Pro paramisa

pro paramisa literally for fairy tales (paramisi f. fairy tale). Traditional culturally formalised gathering during which adults told tales. The official storytellers "in public" were men; at home, women could tell tales usually "adapted" for children. At public pro paramisa, children were merely tolerated, and when Decameron-type tales (džungale paramisa) were told, the children had to leave the room. In the tales - which were often heroic exploits that lasted several hours – ethnic norms were passed on and "elegant language" was cultivated. Good storytellers were known throughout the land and were highly valued.

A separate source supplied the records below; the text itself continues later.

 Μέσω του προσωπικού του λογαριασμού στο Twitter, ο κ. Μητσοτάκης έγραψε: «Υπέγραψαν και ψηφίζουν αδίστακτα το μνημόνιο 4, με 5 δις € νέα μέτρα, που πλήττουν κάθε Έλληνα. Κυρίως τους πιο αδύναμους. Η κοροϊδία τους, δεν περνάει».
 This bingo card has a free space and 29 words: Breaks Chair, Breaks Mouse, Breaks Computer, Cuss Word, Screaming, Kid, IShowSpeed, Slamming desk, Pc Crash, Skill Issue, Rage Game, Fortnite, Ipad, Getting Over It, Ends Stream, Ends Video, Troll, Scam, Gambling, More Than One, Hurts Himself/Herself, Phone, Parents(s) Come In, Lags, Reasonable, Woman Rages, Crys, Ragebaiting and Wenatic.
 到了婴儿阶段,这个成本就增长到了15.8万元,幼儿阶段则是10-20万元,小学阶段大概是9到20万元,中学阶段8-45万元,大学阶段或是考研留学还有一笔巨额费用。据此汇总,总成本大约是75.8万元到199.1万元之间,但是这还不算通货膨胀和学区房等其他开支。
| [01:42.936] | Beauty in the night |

The cultural gathering pro paramisa had its rules, and anyone who did not want to be thought of as an ill-bred boar, a degeš, kept to them. The audience, which met in the biggest building in the settlement in winter and in bad weather, rented the room for a small sum from the owner. Anyone who had no money brought a little wooden log to help heat the place in winter. The storyteller was rewarded with a pouch of pipe tobacco.

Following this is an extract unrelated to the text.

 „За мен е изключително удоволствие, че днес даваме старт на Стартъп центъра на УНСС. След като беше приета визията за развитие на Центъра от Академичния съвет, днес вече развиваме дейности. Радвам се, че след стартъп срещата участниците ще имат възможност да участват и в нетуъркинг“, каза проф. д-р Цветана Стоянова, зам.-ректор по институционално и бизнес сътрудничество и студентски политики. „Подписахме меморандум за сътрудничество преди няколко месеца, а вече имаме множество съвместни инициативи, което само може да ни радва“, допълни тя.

Unlike a bašaviben – a party with music, songs and dancing – there were no eating and, above all, no drinking alcohol during taletelling.

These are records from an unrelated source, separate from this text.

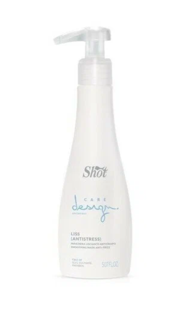 Маска Shot Care Design Antistress Liss сочетает в себе мощное дисциплинирующее действие с защитой от внешних факторов и антистатическим эффектом. Пряди мгновенно разглаживаются, обретают невероятную мягкость и шелковистость на ощупь, и сияющий блеск.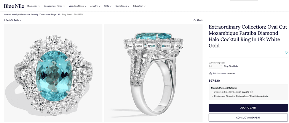 Of course, we understand few of our readers will be shopping for diamonds at this price. Our analysts felt it was important, however, to make buyers aware of the similar positioning of Blue Nile with Cartier, Tiffany or the high end jeweler or Rolex dealer in your community.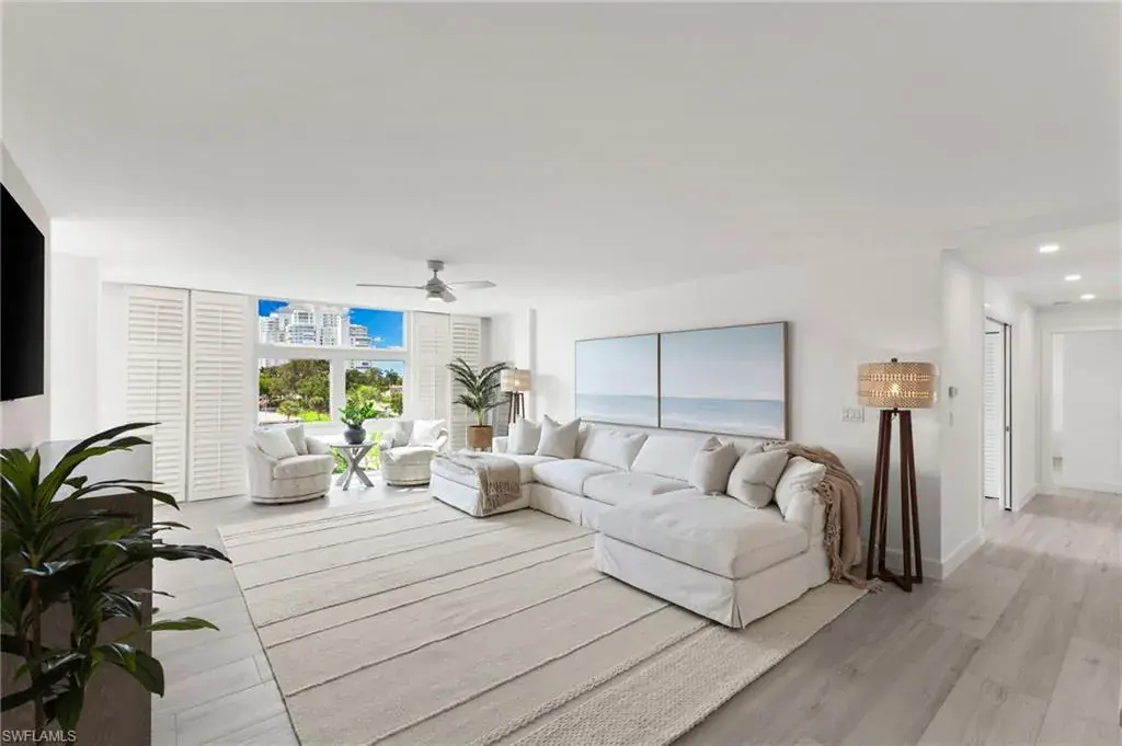 Poised on the top floor of 400 Park Shore Drive, Unit 502, this elegant residence offers breathtaking bay views from every room as well as sunrise views off the front balcony. An enviable location close to shopping, restaurants, and stunning sunsets. This corner unit features 3 bedrooms, 3 full bathrooms, and spans 2066 square feet of luxurious living space. Enjoy private beach access and captivating water views, creating an idyllic waterfront lifestyle. This penthouse is fully renovated and is pet-friendly. The building offers an elevator, guest parking, and a pool. Revel in the Naples lifestyle with this exceptional waterfront home. Park Shore is an ideal location, minutes away from Venetian Village, Waterside Shops and iconic 5th Ave as well as 3rd St. offering all types of dining as well as a shoppers dream. The swimming pool and grill area look onto the bay with updated boat docks. *Bock docks available for lease

The listeners were not permitted to chat or to interrupt the storyteller. On the contrary, they were continually expected to assess the telling of heroic exploits of the paramisara and to encourage the storyteller with laughter, sighs, screams of horror and all kinds of interjections.

Witnesses of those delightful gatherings, which lasted so many hours, summed them up in one sentence: Just as gadže go to the theatre, we went to the pro paramisa.